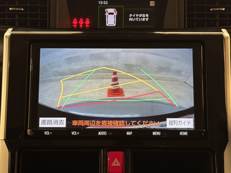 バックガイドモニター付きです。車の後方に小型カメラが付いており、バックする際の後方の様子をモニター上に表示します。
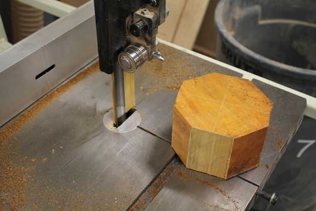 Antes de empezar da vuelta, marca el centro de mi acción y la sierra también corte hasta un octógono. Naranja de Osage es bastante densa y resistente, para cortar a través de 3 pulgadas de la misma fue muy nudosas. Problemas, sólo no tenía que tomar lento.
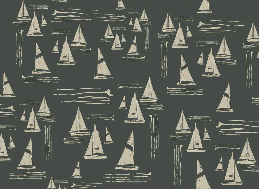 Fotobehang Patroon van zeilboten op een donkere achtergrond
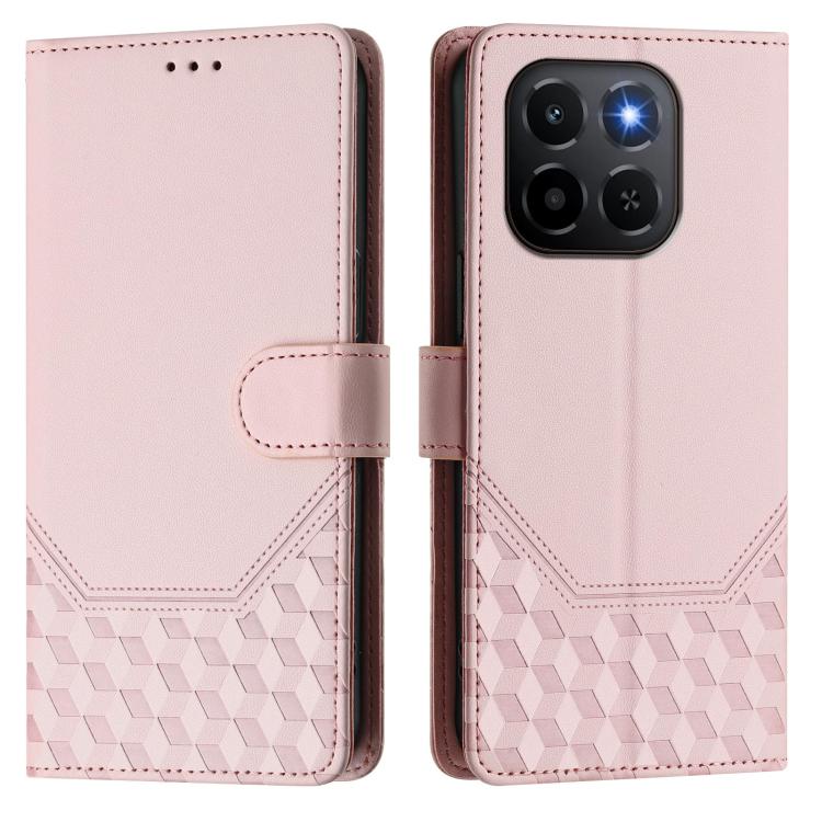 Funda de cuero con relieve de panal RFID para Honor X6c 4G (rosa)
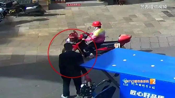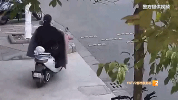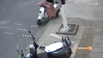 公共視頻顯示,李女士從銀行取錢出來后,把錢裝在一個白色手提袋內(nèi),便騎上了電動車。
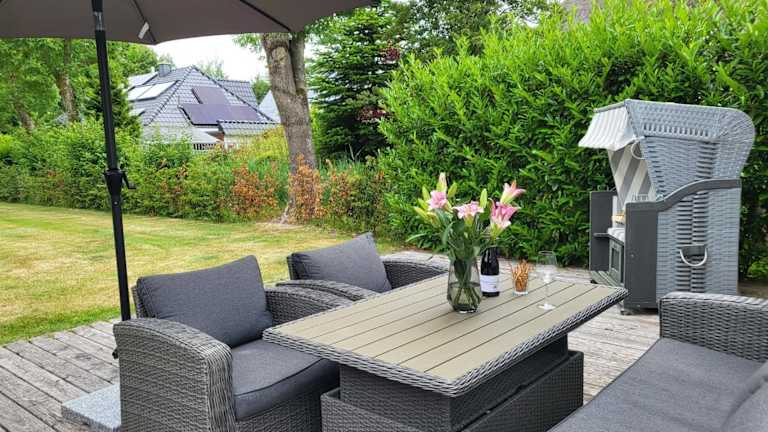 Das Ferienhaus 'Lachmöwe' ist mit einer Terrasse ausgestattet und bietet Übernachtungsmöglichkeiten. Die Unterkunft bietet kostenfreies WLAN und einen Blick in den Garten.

═══

TASK TO CARRY OUT: Reproduce the material above verbatim; omit every picture.

WRITTEN SOLUTION:
 バックガイドモニター付きです。車の後方に小型カメラが付いており、バックする際の後方の様子をモニター上に表示します。
 Antes de empezar da vuelta, marca el centro de mi acción y la sierra también corte hasta un octógono. Naranja de Osage es bastante densa y resistente, para cortar a través de 3 pulgadas de la misma fue muy nudosas. Problemas, sólo no tenía que tomar lento.
 Fotobehang Patroon van zeilboten op een donkere achtergrond
 Funda de cuero con relieve de panal RFID para Honor X6c 4G (rosa)
 公共視頻顯示,李女士從銀行取錢出來后,把錢裝在一個白色手提袋內(nèi),便騎上了電動車。
 Das Ferienhaus 'Lachmöwe' ist mit einer Terrasse ausgestattet und bietet Übernachtungsmöglichkeiten. Die Unterkunft bietet kostenfreies WLAN und einen Blick in den Garten.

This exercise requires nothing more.